Work to complete ->
Begin at the line that holds "Comical whimsical cow" and copy each line exactly until the data below ends, including that last line but no pictures.

Records contained in a dataset
######
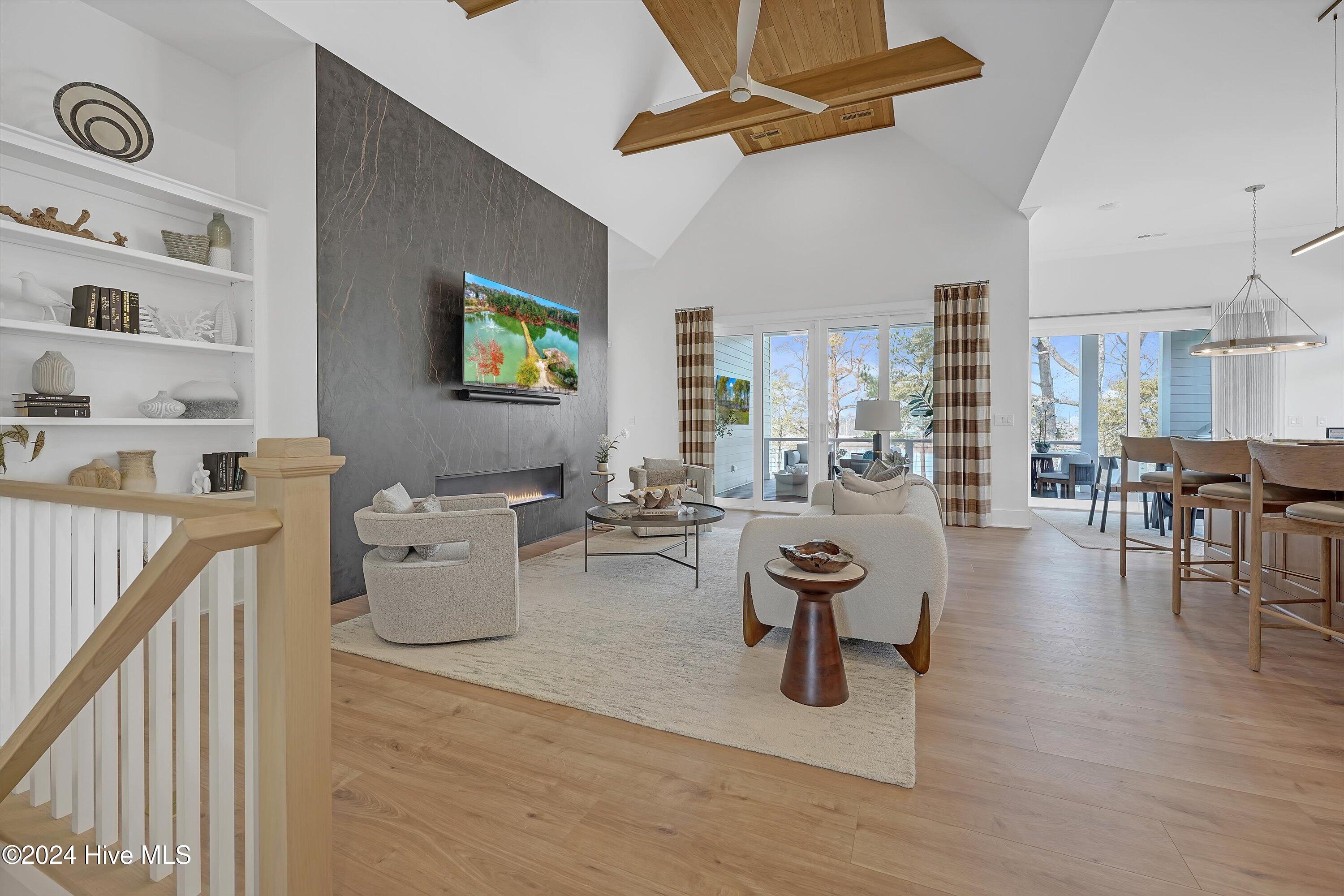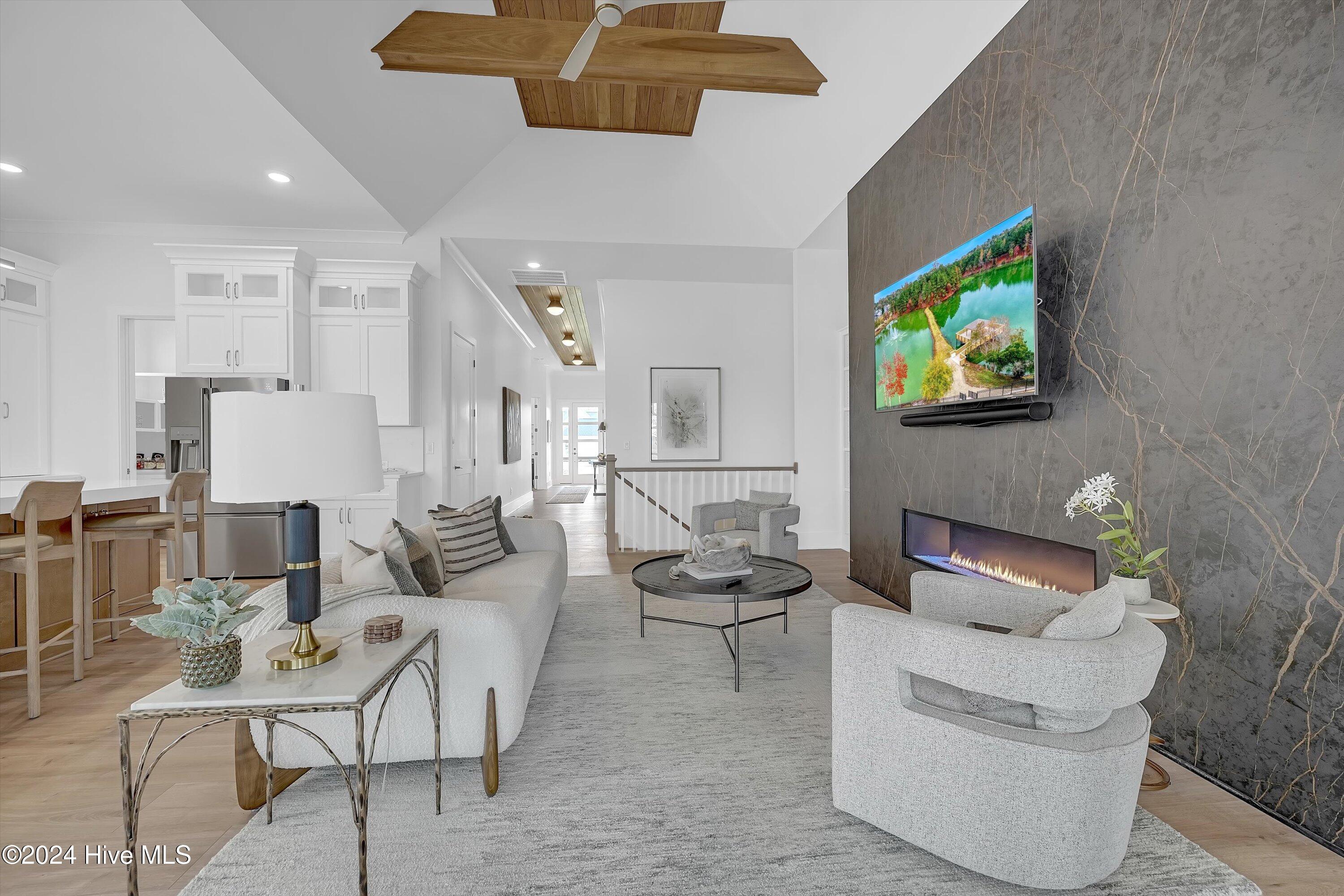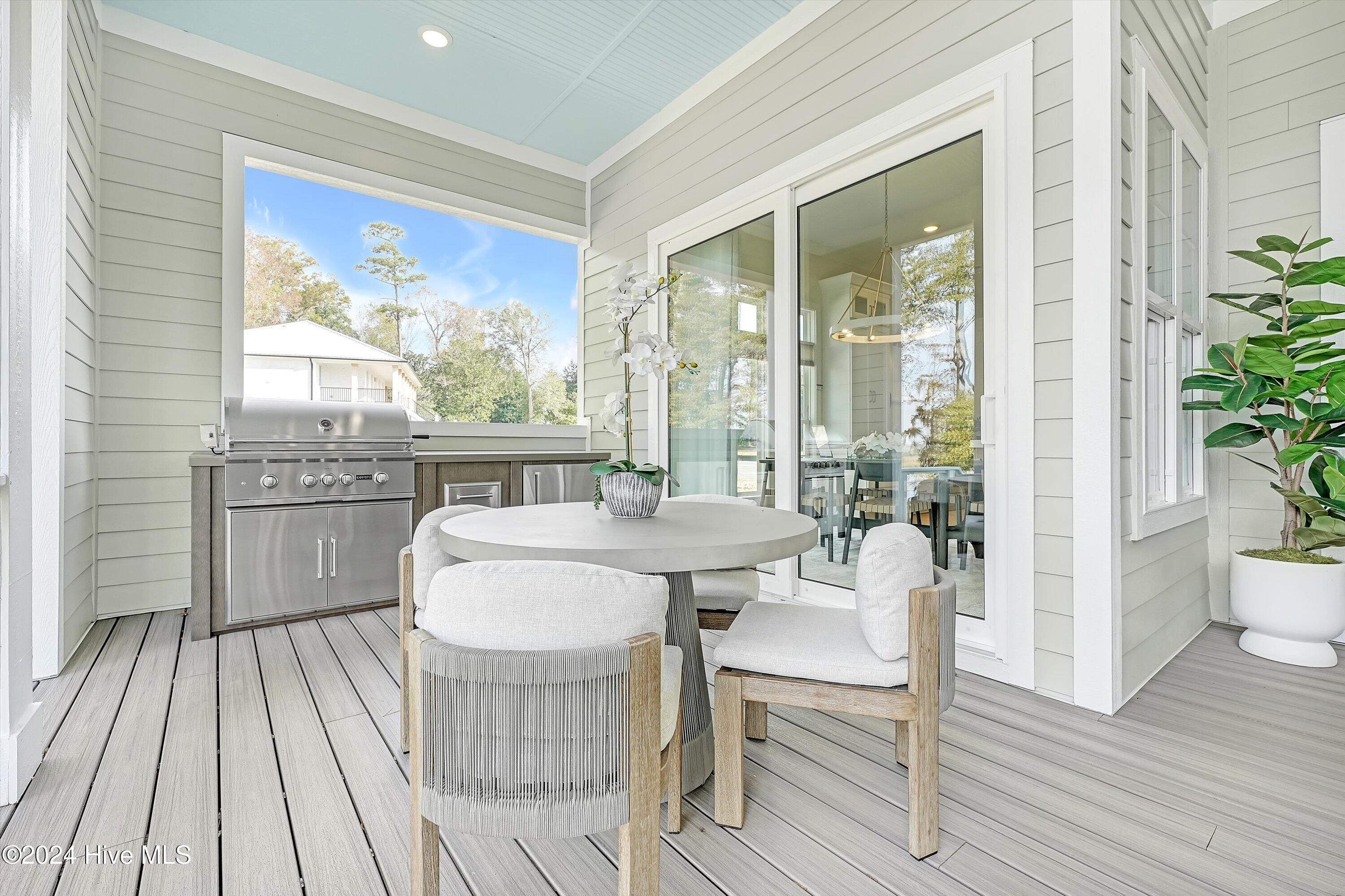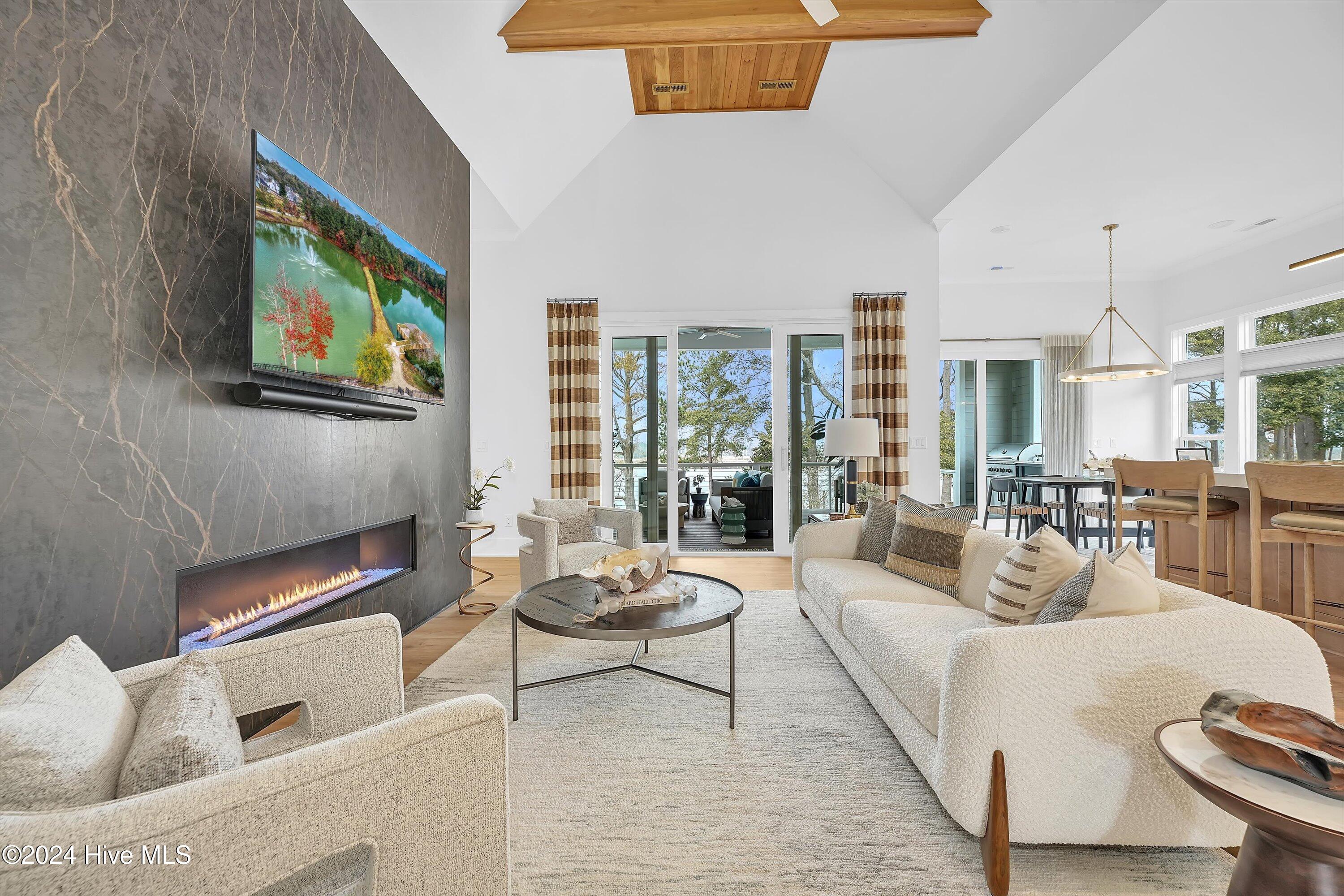 Step into luxury living with this brand-new contemporary masterpiece by Copper Builders, now available with a leaseback option in the gated community of Sunset Reach. Nestled directly on the NE Cape Fear River, this home redefines elegance, blending modern design with breathtaking natural beauty. As you enter, you'll be greeted by soaring 14-foot ceilings adorned with custom details. The focal point of the family room is a stunning 60'' linear fireplace framed in textured Silestone and flanked by chic built-ins. The open floor plan effortlessly connects the family room to the gourmet kitchen—a true showstopper with a grand center island, a sleek 36'' Electrolux gas range and a butler's pantry for seamless entertaining. Love the outdoors? You'll adore the Trek deck and outdoor kitchen, the perfect setting to savor mesmerizing sunsets over the river. Retreat to the serene owner's suite, a sanctuary of relaxation with tranquil water views, a spa-inspired bath featuring dual vanities, a makeup station, and a floor-to-ceiling wood-look tiled shower. A custom walk-in closet connects directly to the laundry room for ultimate convenience. The main floor also boasts a private guest room, a full bath, office, and a thoughtfully designed mudroom with a drop zone just off the 2-car garage. Head downstairs to the walk-out basement, a versatile space ready to fulfill your dreams. Currently serving as the Copper Design Center, it will be transformed to meet your needs before move-in. Multiple outdoor spaces, enhanced with custom landscape lighting, invite you to bask in the beauty of waterfront living. Sunset Reach isn't just a neighborhood—it's a lifestyle. Enjoy kayaking on the serene interior lake or strolling along scenic trails. The riverfront marina, with boat slips available for purchase, makes this community a haven for water enthusiasts. Plus, it's just 10 minutes by car or boat from downtown Wilmington. Future amenities include a pool, clubhouse and pickleball court.
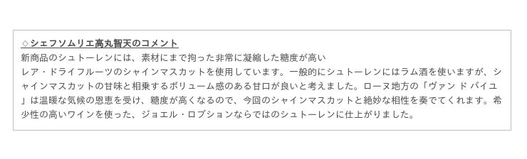 新商品『シュトーレン アンペリアル ~シャインマスカットとヴァンドパイユを使って~』は品種・造り手・熟度にこだわった最上級のシャインマスカットを厳選。レア・ドライという特殊加工によって「完熟の香り」を閉じ込め、三つ星レストラン ガストロノミー“ジョエル・ロブション”のシェフソムリエ 高丸智天が選定したワイン「ヴァン ド パイユ」に漬け込んだシャインマスカットを贅沢に使用したジョエル・ロブション最上級のシュトーレンです。表面は和三盆と金粉で飾り付け、スペシャルBOXに包み、50個限定でご用意いたします。アンペリアルという名を冠した、こだわり尽くしたジョエル・ロブションならではの逸品です。
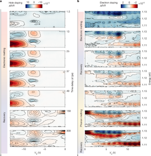 a, Time profiles of all of the electron doping states in D1. b, Electronic melting and recovery time constant of all of the electron-doped states. c, Phonon melting and recovery time constant of electron-doped states. d, Time profiles of hole-doped states. e, Electronic melting and recovery time constant of all of the hole-doped states. f, Time profiles of ν = 0, 1/3 and 1/2. Data normalized to t = 0 ps. g, Time profile difference of ν = 1/3 and 1/2 to ν = 0. All data obtained at a temperature of T = 2 K, with no external electric or magnetic field.
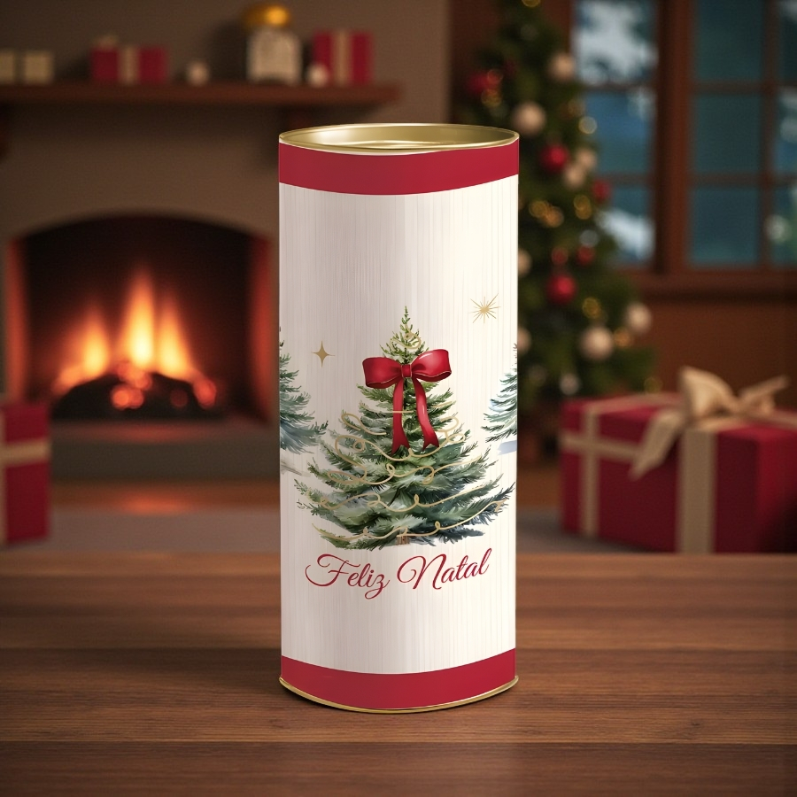Ideal para quem busca uma embalagem refinada para panetones, doces, biscoitos ou lembranças de Natal, esta lata oferece um visual sofisticado e versátil. O tamanho P (9,5x20,5x9,5cm) é perfeito para presentes compactos, permitindo criar composições natalinas encantadoras e bem-acabadas. Seja para uso pessoal, empresarial ou comercial, esta lata agrega charme e profissionalismo a qualquer ocasião.
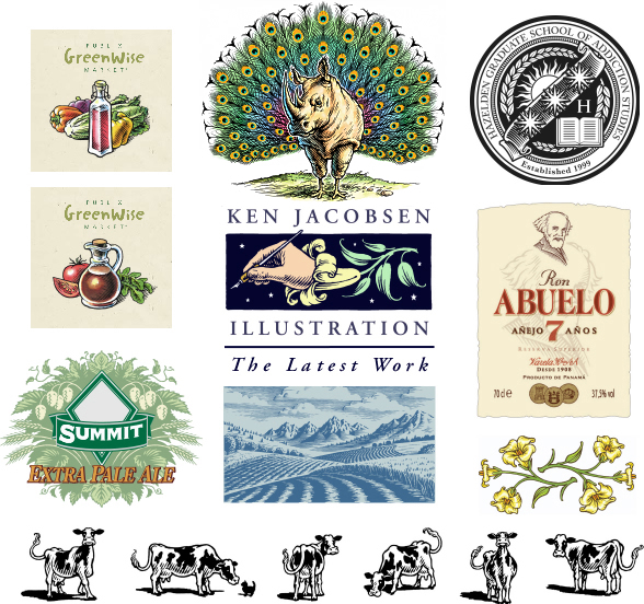 Comical whimsical cow illustrations for natural organic product promotion Vector art of outdoors for packaging background Pen and ink and water color natural product illustration Line art portrait for packaging Graphic logo illustration in vector art for academic institution Pen and ink and watercolor art for advertising Two color vector illustration of natural plants for logo Pen and ink and watercolor illustrations for organic packaging
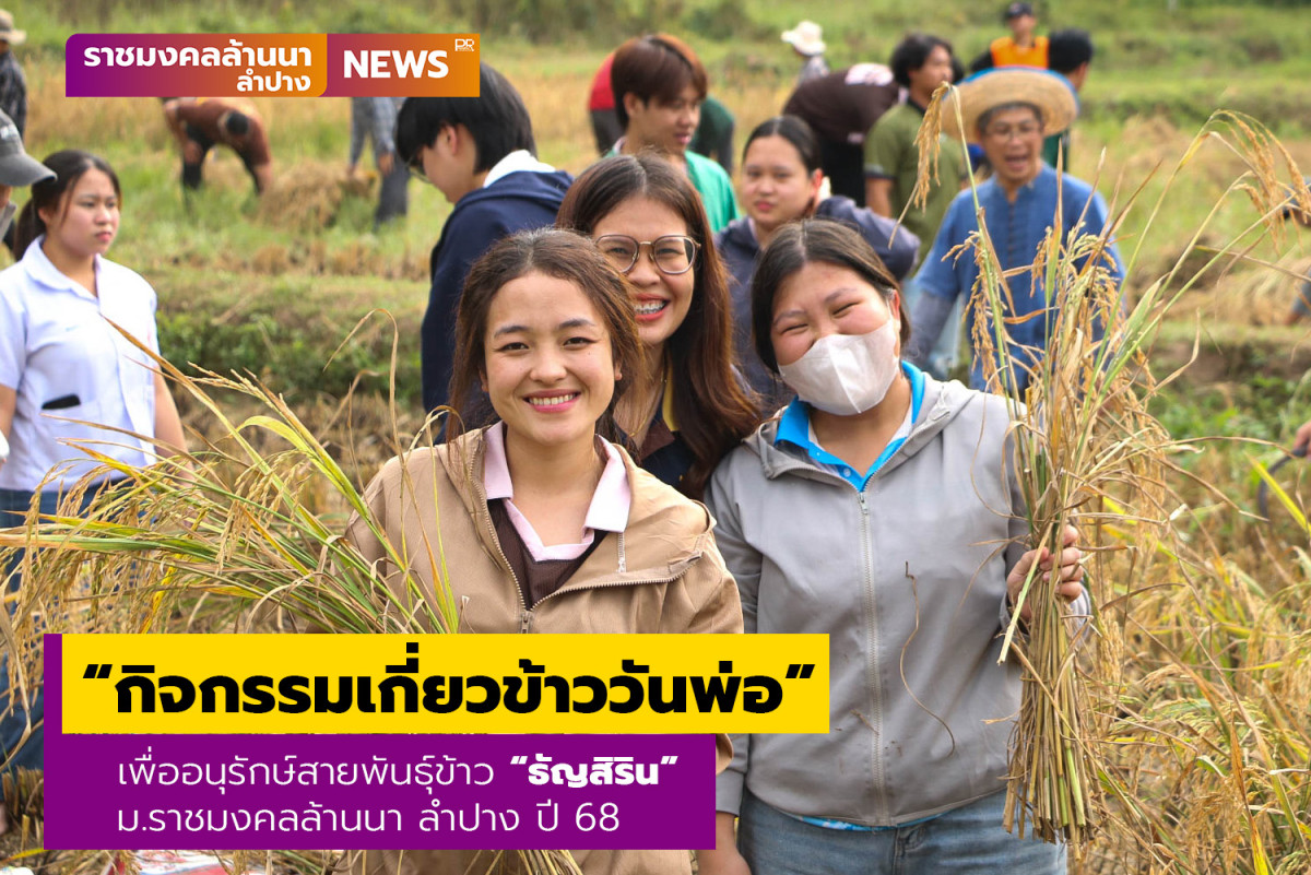 ทั้งนี้กิจกรรมดังกล่าวเป็นการบูรณาการการเรียนการสอน ทักษะในกระบวนการผลิตข้าวแก่นักศึกษาและบุคลากร โดยข้าวที่เก็บเกี่ยวได้จะแบ่งเก็บรักษาเมล็ดพันธุ์ไว้เพื่อเป็นการอนุรักษ์ และใช้ในการเรียนการสอนของนักศึกษา สำหรับพันธุ์ข้าวที่ มทร.ล้านนา ลำปาง อนุรักษ์คือข้าวเหนียวพันธุ์ธัญสิริน ซึ่งเป็นพันธุ์ข้าวที่ได้รับพระราชทานนามจากสมเด็จพระกนิษฐาธิราชเจ้า กรมสมเด็จพระเทพรัตนราชสุดาฯ สยามบรมราชกุมารี เดิมเป็นพันธุ์ กข6 มหาวิทยาลัยเทคโนโลยีราชมงคลล้านนา ได้ปรับปรุงพัฒนาสายพันธุ์ ตั้งแต่ปี 2545 ใช้เวลาในการพัฒนาสายพันธุ์ประมาณ 4 ปี จนได้ข้าวเหนียวพันธ์ธัญสิรินที่มีข้อดี คือ แตกกอได้ดี ลำต้นแข็งแรงไม่ล้อมง่าย มีขนาดสูงเฉลี่ย 130 เซนติเมตร ให้ผลผลิตสูงถึง 1,500-1,600 กิโลกรัมต่อไร่ สามารถเก็บเกี่ยวได้ง่ายด้วยเครื่องจักร ลดปัญหาการหักล้ม คุณภาพการหุงต้มอยู่ในระดับดี ข้าวเหนียวพันธุ์ธัญสิรินได้มีการพัฒนาออกมา 2 สายพันธ์ คือพันธุ์เตี้ยและพันธุ์ต้นสูง โดยพันธุ์เตี้ยจะเหมาะกับนาที่มีความสมบูรณ์สูงหรือนาลุ่ม ส่วนพันธุ์ต้นสูงมีคุณภาพเหมืองกับพันธุ์เตี้ย แต่พบปัญหาการหักล้ม แต่ดีกว่า กข 6 ธรรมดา เหมาะสำหรับดินที่มีความสมบูรณ์ต่ำหรือนาดอน
######
Result ->
 Comical whimsical cow illustrations for natural organic product promotion Vector art of outdoors for packaging background Pen and ink and water color natural product illustration Line art portrait for packaging Graphic logo illustration in vector art for academic institution Pen and ink and watercolor art for advertising Two color vector illustration of natural plants for logo Pen and ink and watercolor illustrations for organic packaging
 ทั้งนี้กิจกรรมดังกล่าวเป็นการบูรณาการการเรียนการสอน ทักษะในกระบวนการผลิตข้าวแก่นักศึกษาและบุคลากร โดยข้าวที่เก็บเกี่ยวได้จะแบ่งเก็บรักษาเมล็ดพันธุ์ไว้เพื่อเป็นการอนุรักษ์ และใช้ในการเรียนการสอนของนักศึกษา สำหรับพันธุ์ข้าวที่ มทร.ล้านนา ลำปาง อนุรักษ์คือข้าวเหนียวพันธุ์ธัญสิริน ซึ่งเป็นพันธุ์ข้าวที่ได้รับพระราชทานนามจากสมเด็จพระกนิษฐาธิราชเจ้า กรมสมเด็จพระเทพรัตนราชสุดาฯ สยามบรมราชกุมารี เดิมเป็นพันธุ์ กข6 มหาวิทยาลัยเทคโนโลยีราชมงคลล้านนา ได้ปรับปรุงพัฒนาสายพันธุ์ ตั้งแต่ปี 2545 ใช้เวลาในการพัฒนาสายพันธุ์ประมาณ 4 ปี จนได้ข้าวเหนียวพันธ์ธัญสิรินที่มีข้อดี คือ แตกกอได้ดี ลำต้นแข็งแรงไม่ล้อมง่าย มีขนาดสูงเฉลี่ย 130 เซนติเมตร ให้ผลผลิตสูงถึง 1,500-1,600 กิโลกรัมต่อไร่ สามารถเก็บเกี่ยวได้ง่ายด้วยเครื่องจักร ลดปัญหาการหักล้ม คุณภาพการหุงต้มอยู่ในระดับดี ข้าวเหนียวพันธุ์ธัญสิรินได้มีการพัฒนาออกมา 2 สายพันธ์ คือพันธุ์เตี้ยและพันธุ์ต้นสูง โดยพันธุ์เตี้ยจะเหมาะกับนาที่มีความสมบูรณ์สูงหรือนาลุ่ม ส่วนพันธุ์ต้นสูงมีคุณภาพเหมืองกับพันธุ์เตี้ย แต่พบปัญหาการหักล้ม แต่ดีกว่า กข 6 ธรรมดา เหมาะสำหรับดินที่มีความสมบูรณ์ต่ำหรือนาดอน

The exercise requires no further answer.